How to Turn User Research into Good Design with Storyboarding
After following my latest two posts about user research in user experience design, you now have research results, but most likely you’d like to understand how to apply them to create a flow of interactions on your site. You need a way of doing so that focuses on the bigger picture and doesn’t get too bogged down in the details. That's where one of my favorite collaboration conceptual design techniques kicks in: storyboarding.
The concept of storyboarding is pretty straightforward: you visualize scenarios and draw them while discussing each scenario with the stakeholders, piling on ideas while leaving room to add details and final gloss later.
So how is it done?
You will need to create a list of different scenarios (interactions) that must be tackled. An effective way to do so is to create a list of answers to some questions, such as:
- Who is the user? What is he or she doing? Remember my description of creating personas? That process will help answer this question.
- Are they a first time visitor? Regular? Occasional browser? Answering this will help with focusing on essential features that might be needed (help/FAQ/live chat/tour…)
- Why did the user visit the site? What are his or her goals? This can be answered through going the goals and services that are offered.
When you're in the brainstorming session with a few stakeholders (most likely those representing the business as well as the developers), don't get too detailed when answering these questions, just enough to cover the topics at hands and keep everyone focused.
Time for the scenarios to draw them, here are a few examples of typical scenarios:
- How will the user end up here? Via search engine? Ad? Word of mouth?
- What actions will the user take to complete his goals? (You can sketch this broadly.)

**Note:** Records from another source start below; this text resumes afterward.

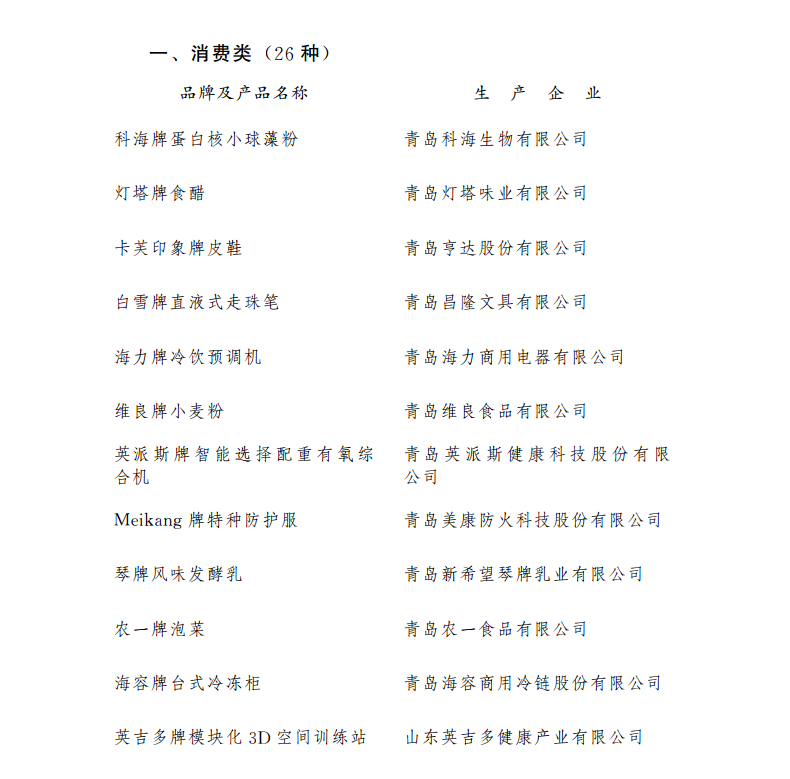 2017年,廣大企業(yè)充分發(fā)揮品牌引領(lǐng)作用,推動(dòng)制造業(yè)品牌建設(shè)高端化,以新供給提升競爭發(fā)展新動(dòng)能,一批技術(shù)含量高、市場競爭力強(qiáng)、品牌美譽(yù)度高,以及“專、精、特、新”突出的產(chǎn)品和服務(wù)脫穎而出。經(jīng)過企業(yè)申報(bào)、區(qū)(市)推薦、專家評審以及消費(fèi)者投票,市政府同意青島科海生物有限公司的“科海牌蛋白核小球藻粉”等64種產(chǎn)品、青島盛世奧海文化產(chǎn)業(yè)股份有限公司的“大牌成就品牌”等11個(gè)服務(wù)品牌,新認(rèn)定為“青島名牌”,現(xiàn)予以公布。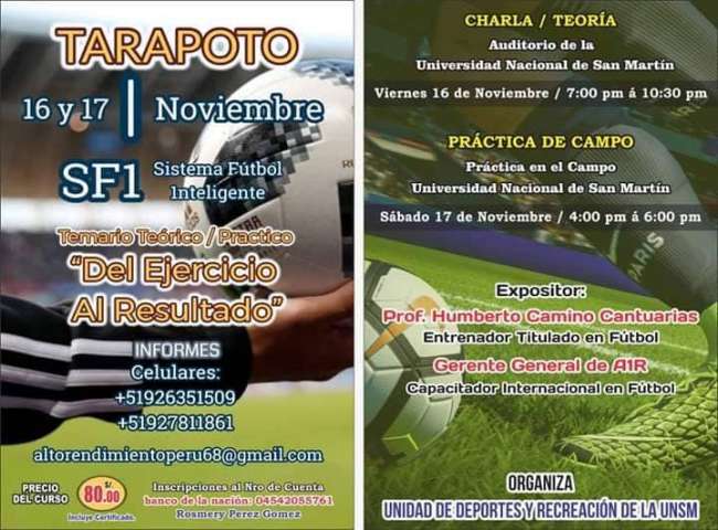 Seminario de Capacitación, dirigido a Entrenadores de Fútbol, Preparadores Físicos, Preparadoresde Arqueros y Aficionados. Días 16 y 17 de noviembre en la UNSM de Tarapoto. Vacantes limitadas, se otorgará Certificados. Exponente Profesor Humberto Jesús Camino Cantuarias Entrenador Titulado en Fútbol – Gerente General de A1R – Capacitador Internacional en Fútbol.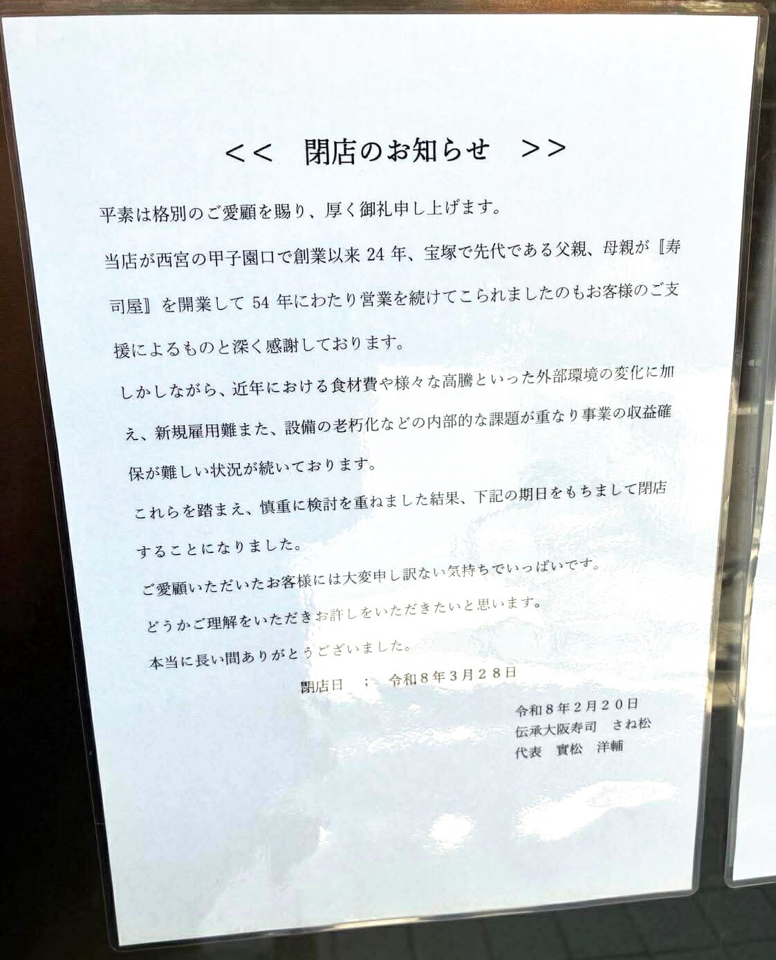 甲子園口ほんわか商店街の「伝承大阪寿司 さね松」が閉店するようです。

- Will the user need help? Where might he need help? How will he find the required information?
That’s a quick explanation of storyboarding. It’s a really fun exercise, and as I mentioned before, it’s a key component of interaction flowcharts that you or a colleague might have to finish to fully describe the user’s experience on your site.
So enjoy sketching the scenarios! It helps the general creative process when planning out the flow of interaction on your website- it may help generate new ideas. Remember, this is an exercise for you to take all of the results from your research and work on detailed processes. Do not get drowned in discussions about whether something should be done on the same page or redirected to another. And finally, don't be shy if you can't draw. You’re aiming for quick sketches, not the next Mona Lisa.